= RECORDED DATA =

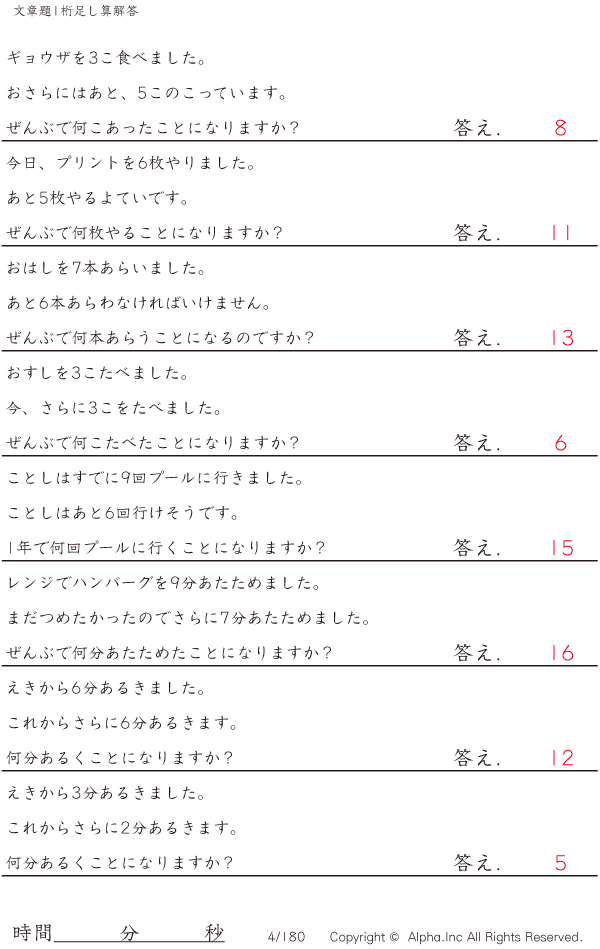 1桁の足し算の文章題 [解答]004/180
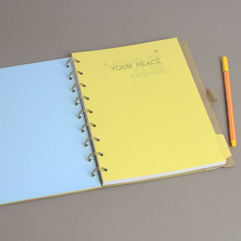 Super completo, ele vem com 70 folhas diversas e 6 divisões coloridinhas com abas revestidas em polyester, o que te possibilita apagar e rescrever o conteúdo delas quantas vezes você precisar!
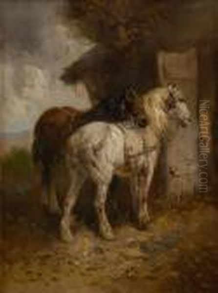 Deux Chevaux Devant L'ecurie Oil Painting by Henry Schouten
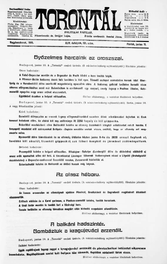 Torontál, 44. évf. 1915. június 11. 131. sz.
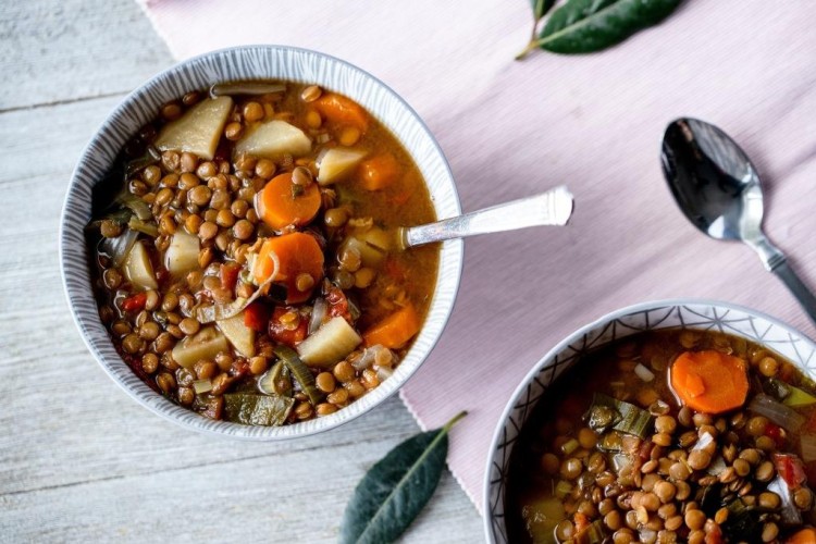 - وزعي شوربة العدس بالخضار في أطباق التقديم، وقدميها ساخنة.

* * *

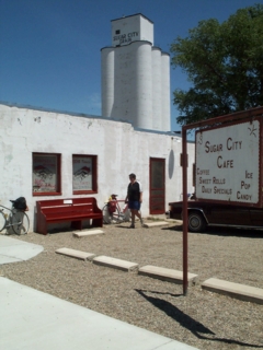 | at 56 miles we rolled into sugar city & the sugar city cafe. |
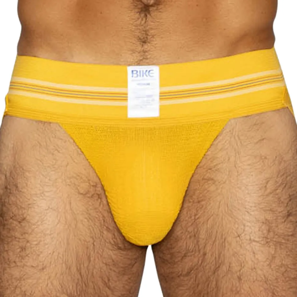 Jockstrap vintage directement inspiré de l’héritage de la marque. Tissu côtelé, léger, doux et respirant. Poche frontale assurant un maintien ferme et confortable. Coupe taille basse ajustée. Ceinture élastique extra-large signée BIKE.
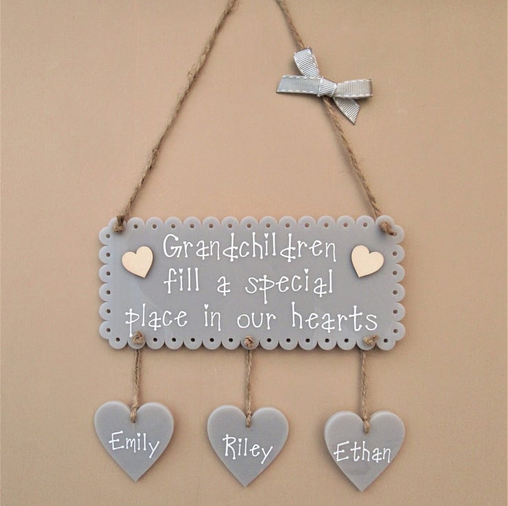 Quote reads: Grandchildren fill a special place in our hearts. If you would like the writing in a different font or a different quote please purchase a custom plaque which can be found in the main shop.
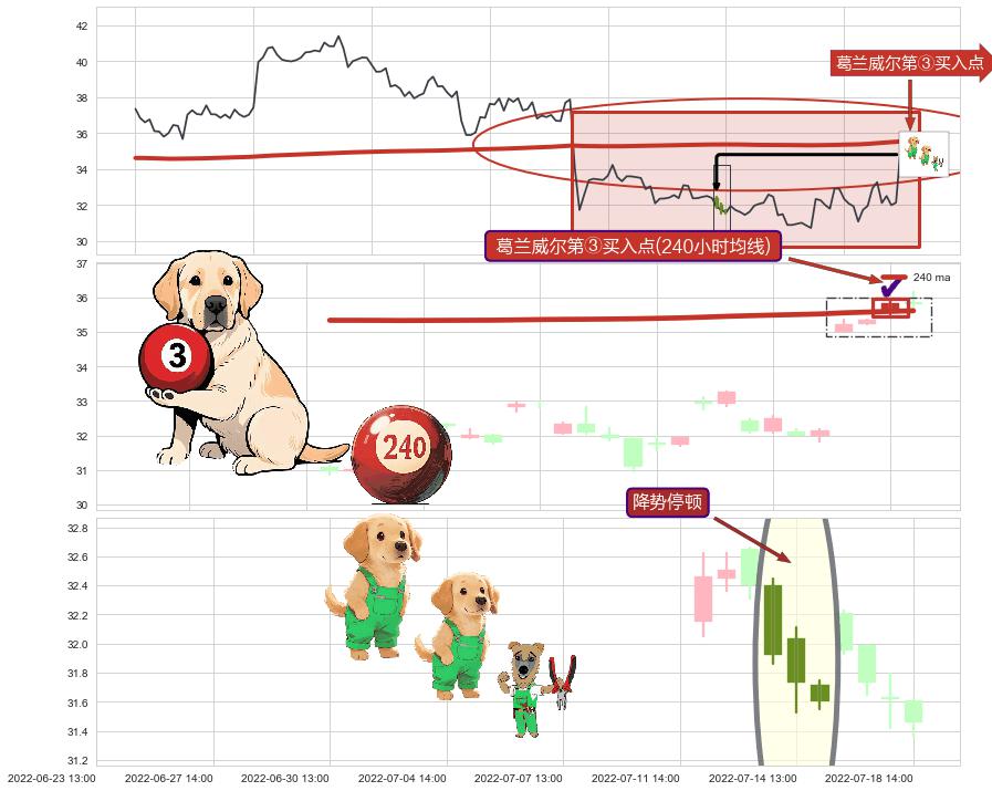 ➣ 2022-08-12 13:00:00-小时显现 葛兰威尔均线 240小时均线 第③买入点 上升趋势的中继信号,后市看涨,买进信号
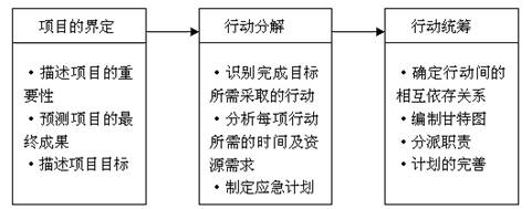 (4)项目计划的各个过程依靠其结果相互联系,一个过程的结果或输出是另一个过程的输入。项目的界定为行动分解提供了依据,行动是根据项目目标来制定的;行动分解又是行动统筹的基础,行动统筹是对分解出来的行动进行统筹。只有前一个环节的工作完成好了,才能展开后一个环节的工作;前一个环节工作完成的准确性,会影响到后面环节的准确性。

= WHAT YOU WILL DO =
Your reply should consist solely of the lines above from the line containing "240小时均线 第③买入点 上升趋势的中继信号,后市看涨,买进信号" up to and including the line containing "(4)项目计划的各个过程依靠", reproduced exactly, minus the pictures.

= FINISHED TASK =
 ➣ 2022-08-12 13:00:00-小时显现 葛兰威尔均线 240小时均线 第③买入点 上升趋势的中继信号,后市看涨,买进信号
 (4)项目计划的各个过程依靠其结果相互联系,一个过程的结果或输出是另一个过程的输入。项目的界定为行动分解提供了依据,行动是根据项目目标来制定的;行动分解又是行动统筹的基础,行动统筹是对分解出来的行动进行统筹。只有前一个环节的工作完成好了,才能展开后一个环节的工作;前一个环节工作完成的准确性,会影响到后面环节的准确性。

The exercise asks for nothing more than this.